WHAT IS BEING ASKED »
Skip pictures in the listing below; copy exactly the lines from the one with "首先是发送命令的时机。在没有" through the one with "Le placement au", inclusive.

DATASET EXTRACT »
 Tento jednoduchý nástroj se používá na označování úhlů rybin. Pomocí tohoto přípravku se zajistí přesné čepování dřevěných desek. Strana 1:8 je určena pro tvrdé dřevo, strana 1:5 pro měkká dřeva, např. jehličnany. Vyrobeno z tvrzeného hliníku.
* * *
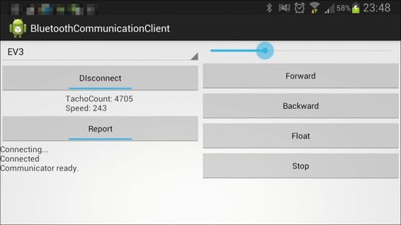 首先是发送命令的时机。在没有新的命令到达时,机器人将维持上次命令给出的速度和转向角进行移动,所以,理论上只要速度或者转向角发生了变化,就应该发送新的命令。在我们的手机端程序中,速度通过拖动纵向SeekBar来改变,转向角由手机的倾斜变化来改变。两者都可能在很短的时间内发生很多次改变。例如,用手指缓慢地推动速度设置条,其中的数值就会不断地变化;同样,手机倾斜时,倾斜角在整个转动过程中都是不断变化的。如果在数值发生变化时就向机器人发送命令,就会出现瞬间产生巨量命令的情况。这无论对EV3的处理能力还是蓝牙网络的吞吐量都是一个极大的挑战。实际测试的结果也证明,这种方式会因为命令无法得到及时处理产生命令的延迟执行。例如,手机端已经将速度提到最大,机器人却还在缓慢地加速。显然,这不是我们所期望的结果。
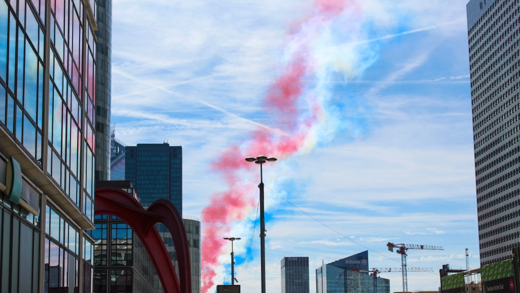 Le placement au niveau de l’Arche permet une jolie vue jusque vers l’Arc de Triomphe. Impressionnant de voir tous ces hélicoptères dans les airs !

RESULT »
 首先是发送命令的时机。在没有新的命令到达时,机器人将维持上次命令给出的速度和转向角进行移动,所以,理论上只要速度或者转向角发生了变化,就应该发送新的命令。在我们的手机端程序中,速度通过拖动纵向SeekBar来改变,转向角由手机的倾斜变化来改变。两者都可能在很短的时间内发生很多次改变。例如,用手指缓慢地推动速度设置条,其中的数值就会不断地变化;同样,手机倾斜时,倾斜角在整个转动过程中都是不断变化的。如果在数值发生变化时就向机器人发送命令,就会出现瞬间产生巨量命令的情况。这无论对EV3的处理能力还是蓝牙网络的吞吐量都是一个极大的挑战。实际测试的结果也证明,这种方式会因为命令无法得到及时处理产生命令的延迟执行。例如,手机端已经将速度提到最大,机器人却还在缓慢地加速。显然,这不是我们所期望的结果。
 Le placement au niveau de l’Arche permet une jolie vue jusque vers l’Arc de Triomphe. Impressionnant de voir tous ces hélicoptères dans les airs !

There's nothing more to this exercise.